The idea behind overhead supply is that it takes time for demand to absorb it before prices are able to move higher. For example, there was an overwhelming amount of supply relative to demand in the S&P500 in early 2018 just below 2900. We know that because when prices got there, they sold off. There were more willing sellers than buyers there, for a fact, not my opinion.
When prices returned to that area in September, prices broke above it, temporarily, before failing and selling off again. This failed breakout was accompanied by deteriorating breadth and momentum. Only a fraction of stocks were making new highs and only a fraction were showing positive momentum characteristics compared to the prior highs earlier last year. This break confirmed those divergences when prices failed, suggesting to us that no, demand had not yet finished absorbing that overhead supply:
Here we are back again, knocking on the door for the 3rd time. Will we finally break out? Or is this going to be another failure?
For me, I think it's likely to continue to be a mess. We have mixed signals from what actually makes up this market - the stocks themselves.
First the good news, Technology and Semiconductors are already trying to make new all-time highs. Think about it, in order for the entire group to break out, it needs to start with one. Here is Tech back up to its 2018 highs:
Here are Semi's already making new all-time highs. Can they hold and lead? Or will they fail? More on that in a minute.
Consumer Discretionary is testing those highs as well. If "this is it", then I would expect Tech and Discretionary to lead the way higher. If "this is not it", then expect these to fail up here. These are the leadership groups, without question.

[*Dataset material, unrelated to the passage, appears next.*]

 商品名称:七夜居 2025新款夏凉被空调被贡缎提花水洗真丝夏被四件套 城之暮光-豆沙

When we look at the rest of the biggest sectors in America, they Don't look like these above. They are not testing and/or breaking out above former highs. In fact, they're no where near last year's highs. Look at Financials:
Industrials are still well below those highs:
Energy is the worst of all of them:
We take a weight of the evidence approach. We also try and focus more on individual stocks themselves than the overall market. While it's important to put things into context, there have been, and continue to be, opportunities at the individual stock level. If you don't like banks, don't buy banks. If you like Tech, buy Tech, sort of mentality.

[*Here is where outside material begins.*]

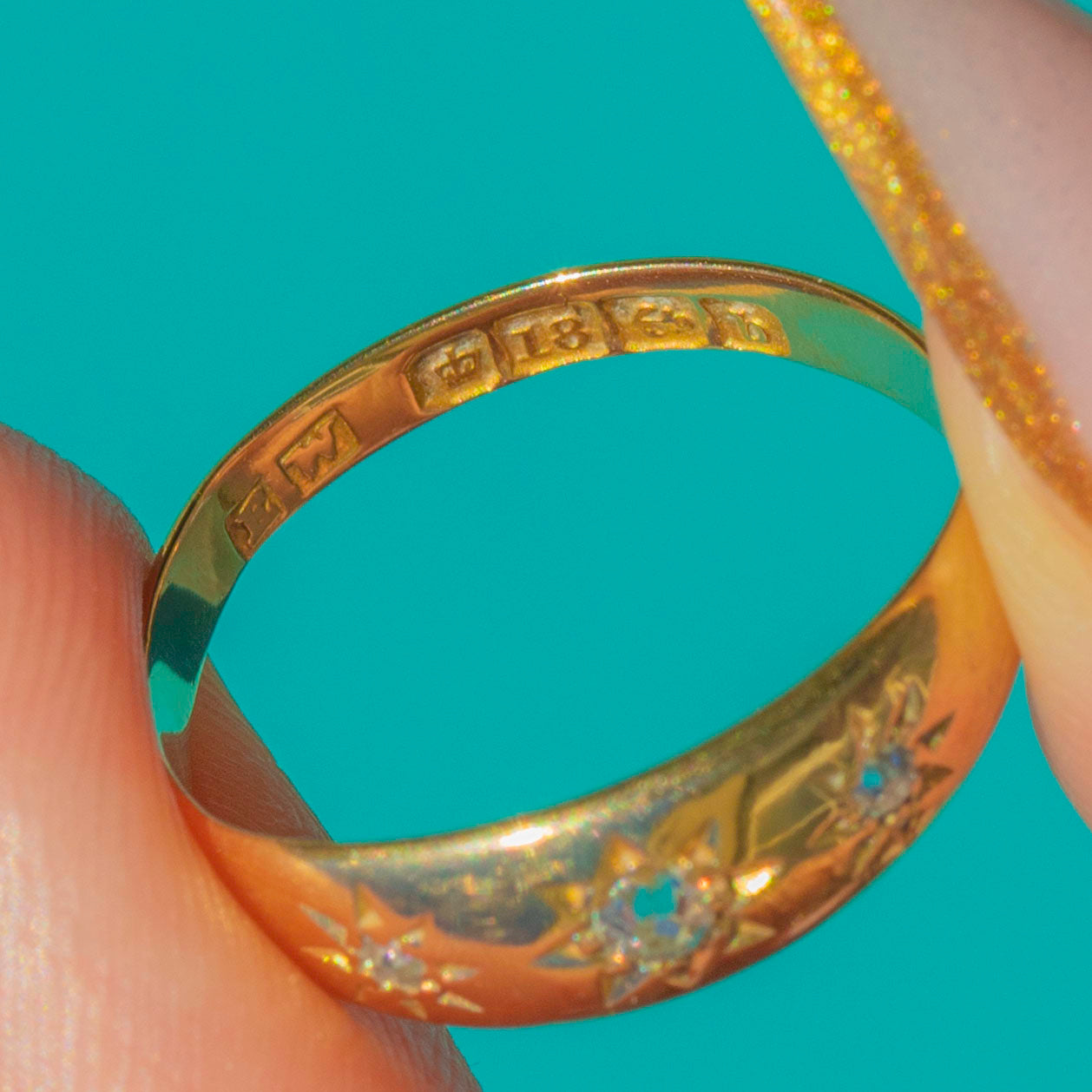 This antique 18ct Gold gypsy ring is a little band of Edwardian starlight. Three twinkling antique Diamonds are neatly set in star-shaped settings across the front, the central stone an old mine cut flanked by charming rose-cut accents. The Gold has that lovely bright, buttery hue only high-carat antique Gold can give, with a soft patina that speaks to over a century of love.

So what's the risk here? For me the biggest risk is all out failure up here from the leaders. If we see Semi's start to fall back below the March 2018 highs, and even worse fall below 1430, things can really get hairy for the overall market.
I think that the lack of participation by most of the market sets up this risk factor that we need to take into account. We do not want to be aggressively long in that scenario. That would create a similar sort of setup as what we saw in early October. Maybe not to such an extreme, but downside risk nonetheless.
It's messy out there. I think there are good setups where the risk is very well-defined and the reward is exponentially greater. That's all we can really ask for. There are good charts and bad ones short-term. But there are huge bases everywhere long-term that we should not forget about.
So to answer the first question about the S&P500 - Is this a new breakout or just another failure? How about neither? I think we likely keep chopping around a bit in the indexes, presenting more opportunities at the individual stock level. How about that? Is that a cop-out answer? Maybe, but that's how I feel.